My stomach churned. The Genesis bomb. A weapon of mass destruction that twisted the very fabric of reality, leaving behind pockets of mutated horrors and landscapes warped beyond recognition.

Day 29. We're trying to get the families further away from the blast radius. Molly's working miracles, keeping everyone calm, patching up the wounded. We packed what we could in the old trucks. Praying they hold up.

I could picture it: Molly, her face stained with dirt and blood, her voice a soothing balm against the screams and chaos. A true angel in a hellscape.

Day 30. We didn't make it. The blast wave caught us. The trucks… they're gone. Everyone's gone. Except me. I don't know how I survived. I saw them… the mutations. The pain. The horror. It was all for nothing.

My breath caught in my throat. All those families. All that hope. Gone.

Day 31. I can't live with this. I can't. I see their faces in my dreams. Hear their screams. The world is broken. And I'm broken with it. I'm sorry. Maybe there is peace in death. Maybe… maybe there's something better on the other side.

The last line was scrawled almost illegibly, a final, desperate plea.

I closed my eyes, the weight of the soldier's words crushing me. I'd seen so much death, so much destruction. But this… this felt different. This felt like the final nail in the coffin of hope.

A gruff voice interrupted my thoughts. "What's got you so down, soldier?" It was Marcus, one of the few men I trusted. Life had left its mark on his face, making him look tough. His eyes were stern, but for a moment, you could see that he understood.

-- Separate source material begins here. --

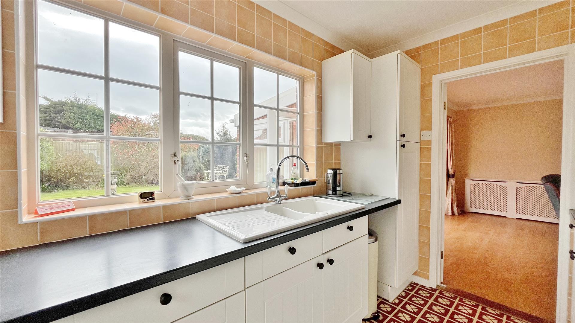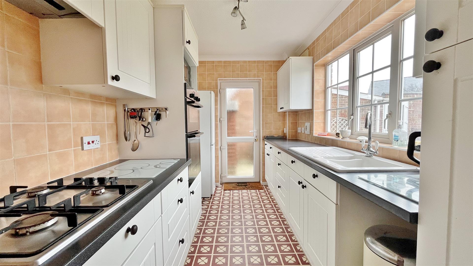 Fitted in a range of matching fronted units. Rolled edge work surfaces. Inset glazed ceramic one and a half bowl sink and drainer unit. Inset four ring gas hob with extractor hood above. Built in eye level electric oven and grill. Further selection of matching fronted units both eye and floor level. Space for fridge/freezer. Vinyl tiled flooring. Sealed unit double glazed window to rear. Obscured sealed unit double glazed door to garden.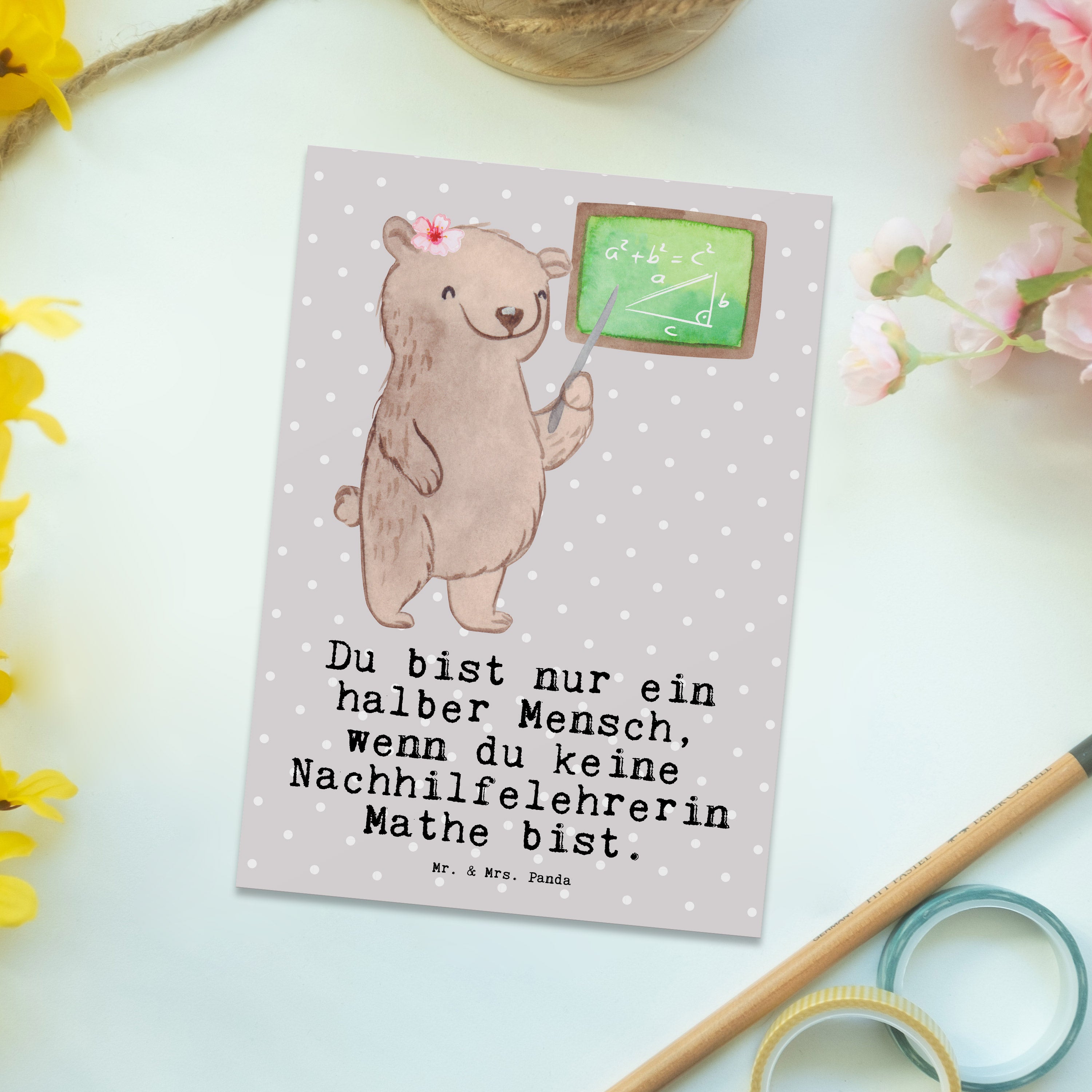 Postkarte Nachhilfelehrerin Mathe mit Herz - Grau Pastell

"Just reading some old letters," I said, shoving the paper back in the envelope. "From before… before the end."

He nodded, his gaze drifting towards the horizon. "We all got our ghosts, soldier. But we can't let them win."

I looked at Molly, who was tending to a young girl with a fever, her touch gentle and reassuring. Maybe Marcus was right. Maybe we couldn't let the ghosts win.

Then, the ground trembled. A low rumble echoed in the distance, growing louder with each passing second. We both knew what it was.

"Looks like we're about to have some new neighbors," Marcus said, his voice grim. He raised his rifle, scanning the horizon. "Another wave of refugees fleeing from the east."

And that's when I saw it. Not just the huddled masses of survivors, their faces seared with despair, but the unmistakable glow on the horizon. The iridescent shimmer of a Genesis blast zone.

But this time, it was different. It wasn't moving away from us, but towards us. Faster, closer.

I looked at Marcus. He looked at me. Understanding dawned in our eyes at the same time.

The New Republic wasn't pushing people towards us. They were herding them. Towards the next blast zone.

The letter suddenly had a final, unspoken sentence: We are all the front.

I looked back at Molly and the girl, and I realized the grim lesson of the Front. The world isn't destroyed by bombs or poison, it ends when we lose our humanity. And maybe, it already had.